Privacy Policy

Effective date: 9 May 2026

Last updated: 9 May 2026

This Privacy Policy explains how Runmo Labs s.r.o. ("Runmo", "we", "us", or "our") collects, uses, and protects your personal data when you use the Runmo mobile application (the "App") and the website at runmo.app (the "Site"), together the "Service".

We have written this policy to be as clear as we can. Where we use defined terms from the EU General Data Protection Regulation (Regulation (EU) 2016/679, "GDPR") or Czech Act No. 110/2019 Coll. on Personal Data Processing, we have tried to explain them in plain language as well.

1. Who we are

The data controller for your personal data is:

Runmo Labs s.r.o.
IČO: 22240152
DIČ: CZ22240152
Příčná 1892/4, Nové Město (Prague 1), 110 00 Prague, Czech Republic

You can reach us about anything in this policy at support@runmo.app.
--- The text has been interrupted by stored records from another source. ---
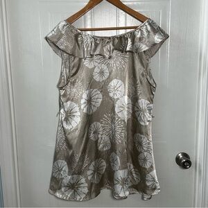 Liz Lange Maternity XL Floral Blouse – Champagne Beige Ruffle Top
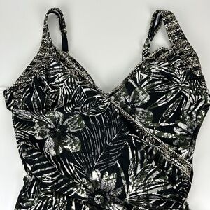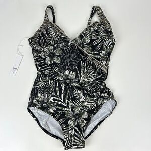 Miraclesuit size 16 Zahara Sanibel one piece swimsuit black green floral new with tags.
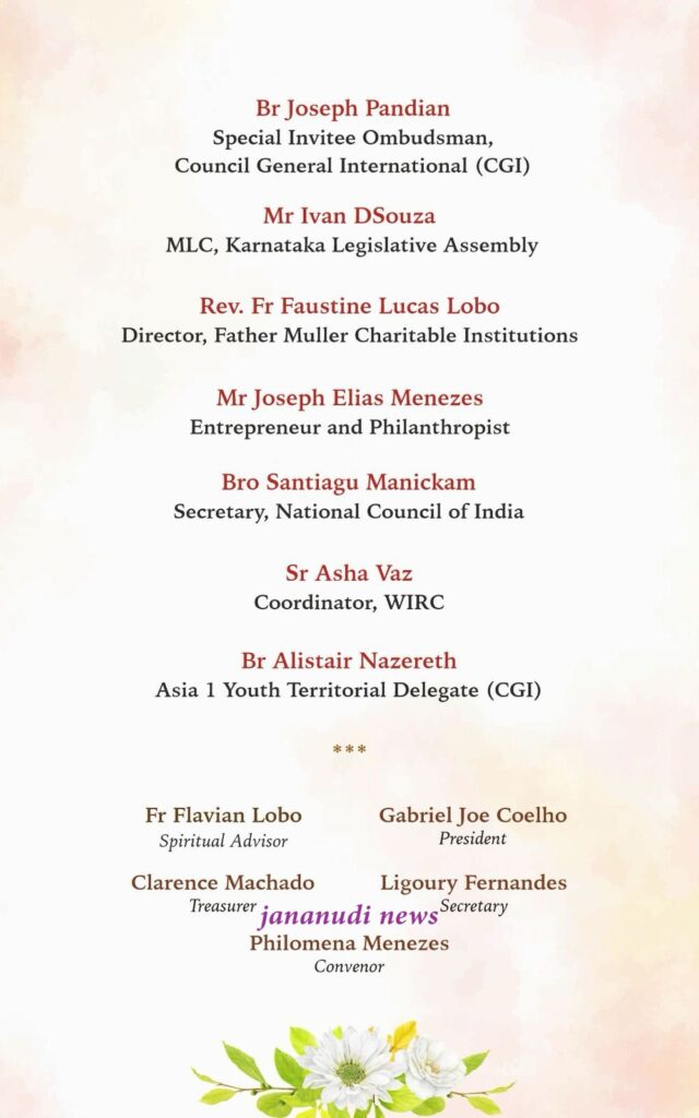 Members of the Karnataka Legislative Council Mr Ivan D’Souza, Director of Father Muller charitable Institutions Rev. Fr Faustine Lucas Lobo, and renowned Entrepreneur and Philanthropist Mr Joseph Elias Menezes will grace the occasion as Guests of Honour. Along with them, Mr Santiago Manickam, National Secretary of SSVP, Ms Asha Vaz, and youth representative Mr Alister Nazareth will be present on the dais.
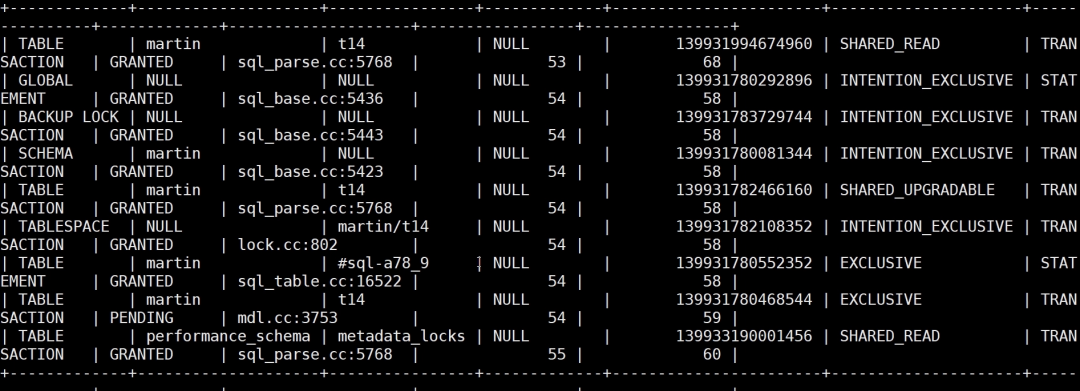 发现多了一行关于表t14的锁记录,加锁类型是SHARED_READ,
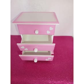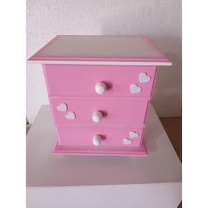 Lindos porta joias organizadores com 3 gavetinhas Ideal pra organizar pequenos objetos ( brincos -anéis- miçangas...) Pintadas externa e interna com tinta de qualidade e verniz **Cores : banco com rosa- Tamanho 17x12cm
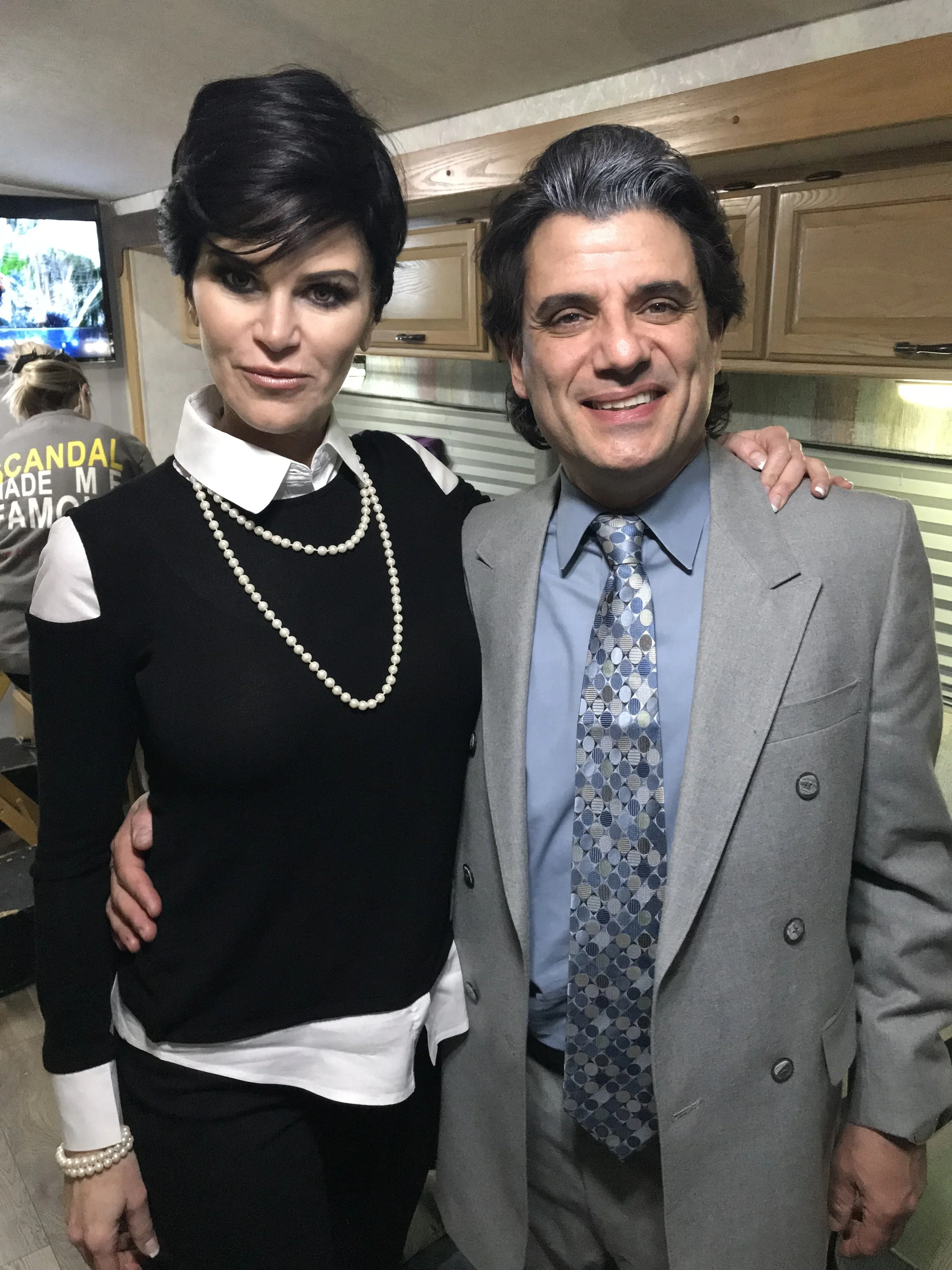 On the set playing Kris Jenner with my x-husband Robert Kardashian, played by Joe Demonico.
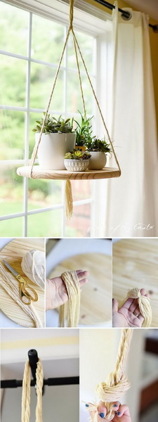 หาแผ่นไม้สวยๆ มา d.i.y แต่งห้องด้วยการใช้เชือกมัดรวมกัน แล้วแขวนไว้กับราวติดผนัง ช่วยเพิ่มพื้นที่ใช้สอยภายในห้อง สามารถโชว์ของสวยๆ งามๆ ได้ชัดขึ้น โดยเฉพาะการวางต้นไม้เล็กๆ จะทำให้ห้องดูสดชื่นและเป็นธรรมชาติมากขึ้น แต่ควรระวังถ้าวางของที่สามารถแตกได้ ไม่ควรแขวนไว้บริเวณที่ลมแรง
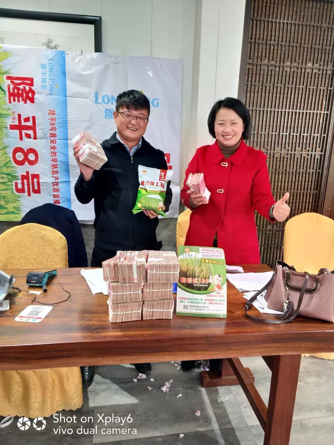 11月28日,湖北荊門漳河晶兩優(yōu)華占預(yù)定會,到會80人,預(yù)定近4000斤,預(yù)訂量超過今年銷量,會后農(nóng)戶爭先開票領(lǐng)種,入戶1500余斤,當場現(xiàn)金加微信轉(zhuǎn)賬收款6萬元,超出零售商預(yù)期:有行動才會有結(jié)果,付出定有回報!
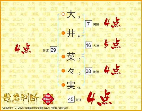 大(3画)井(4画) 菜(12画)々(12画)実(14画)
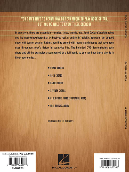 Author: Chad Johnson Rock Guitar Chords Learn the Essential Chords You Need to Start Playing Rock Now! Publisher: Hal Leonard Category: Guitar, Bass & Fretted Series: Guitar Educational Format: Softcover with DVD In any style, there...Regular price $15.99 -

We are a small company and have not appointed a Data Protection Officer (DPO), as we are not legally required to do so. The contact email above is monitored and will reach the people responsible for privacy at Runmo.

2. Privacy at a glance

We have built Runmo with a local-first approach. Most of your data (your runs, your routes, your heart rate, your training plans, your notes) lives on your device and in your personal Apple iCloud. We do not run a database that stores your runs or your health data on our servers.

In practice this means:

Your runs and health data stay on your device. We sync them between your devices using your own iCloud account. We cannot read them.
The AI coach is the one exception. When you ask the AI coach for a briefing, a plan, or a post-run analysis, we send a small, carefully limited summary of your training data to Anthropic, our AI provider, so it can generate a response. We never send your name, your email, your GPS coordinates, your routes, or the raw second-by-second readings from your watch.
Analytics are anonymous. We use a privacy-respecting analytics service (TelemetryDeck) that does not identify you and does not use cookies or advertising IDs.
We do not sell your data, ever. We do not run advertising, we do not share your data with data brokers, and we do not allow third-party advertising or behavioural tracking inside the App.

The rest of this policy goes through each of these in detail.

3. The data we process

3.1 Account information

When you create a Runmo account we use Sign in with Apple. This means:

Apple gives us a stable, anonymous user identifier.
You can choose whether to share your real email address or use Apple's private relay address.
You can choose what name (if any) to share with us.

We store the identifier and whatever you chose to share with us. We do not collect a password, Apple handles authentication.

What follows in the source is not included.